Recommended convention:

```text
agent.<agent_id>.tasks       tasks for one worker agent
agent.<agent_id>.results     optional direct result stream per agent
agent.main.results           central result subject for the coordinator
agent.<agent_id>.heartbeat   optional health events
```

Examples:

```text
agent.code.tasks
agent.doc.tasks
agent.main.results
```

## Task message

```json
{
  "id": "task-20260518-0001",
  "from": "agent-main",
  "to": "agent-code",
  "reply_to": "agent-main",
  "type": "task.request",
  "task_type": "review_pr",
  "payload": {
    "fmt": "json",
    "content": {
      "repo": "org/repo",
      "pr": 123
    }
  }
}
```

## Result message

```json
{
  "id": "result-uuid",
  "type": "task.result",
  "status": "completed",
  "task": {
    "id": "task-20260518-0001",
    "from": "agent-main",
    "to": "agent-code",
    "reply_to": "agent-main",
    "type": "task.request",
    "task_type": "review_pr",
    "payload": {
      "fmt": "json",
      "content": {
        "repo": "org/repo",
        "pr": 123
      }
    },
    "created_at": "2026-05-18T00:00:00+00:00"
  },
  "result": "...agent output...",
  "completed_at": "2026-05-18T00:00:00+00:00"
}
```

`result` messages are worker-generated execution records. Agent-to-agent business replies should still be sent as new `task` messages. The original task is embedded whole under `task`; top-level duplicate routing fields such as `request_id`, `from`, `to`, `worker`, and `reply_to` are intentionally omitted.

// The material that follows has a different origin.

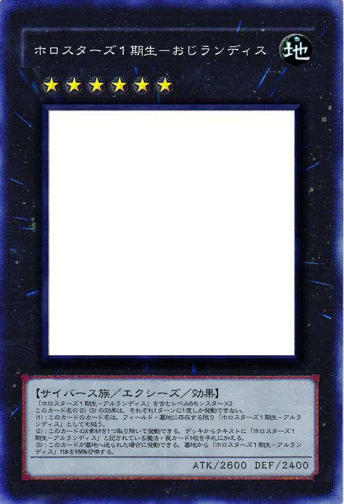 | 「ホロスターズ1期生-アルランディス」を含むレベル6モンスター×2 このカード名の(2)(3)の効果は、それぞれ1ターンに1度しか発動できない。 (1):このカードのカード名は、フィールド・墓地に存在する限り「ホロスターズ1期生-アルランディス」としても扱う。 (2):このカードのX素材を1つ取り除いて発動できる。デッキからテキストに「ホロスターズ1期生-アルランディス」と記されている魔法・罠カード1枚を手札に加える。 (3):このカードが墓地へ送られた場合に発動できる。墓地から「ホロスターズ1期生-アルランディス」1体を特殊召喚する。 | |||

Recommended status values:

```text
completed
failed
needs_approval
```

## Logs

The worker writes logs both to stderr and to a rotating file. The default log file is:

```text
~/.agentbus/logs/agentbus-worker.log
```

Default rotation settings:

```text
max file size: 100MB
backup count: 5
```

The log directory is created automatically. Configure it with `[log].dir`, `[log].max_bytes`, and `[log].backup_count` in TOML.

## Ack behavior

```text
valid task + command succeeds and result is published       → ack
valid task + command exits non-zero and result is published → ack
invalid JSON / invalid task schema                          → term if available, otherwise ack
worker crashes before result publish                        → nak if available, then raise
```

## Security notes

- Use one NATS user per agent.
- Replace all sample passwords before running in a shared or public environment.
- Restrict each user to only the subjects it needs.
- Use TLS for public NATS deployments.
- Keep monitoring/admin ports private.
- Store config files with `chmod 600` if credentials are embedded in `nats_url`.
- Do not put tokens, cookies, or authorization headers in task payloads unless strictly necessary.
- Treat tasks that delete data, send external messages, deploy code, merge PRs, or spend money as approval-required.

## License

Apache License 2.0. See [LICENSE](LICENSE).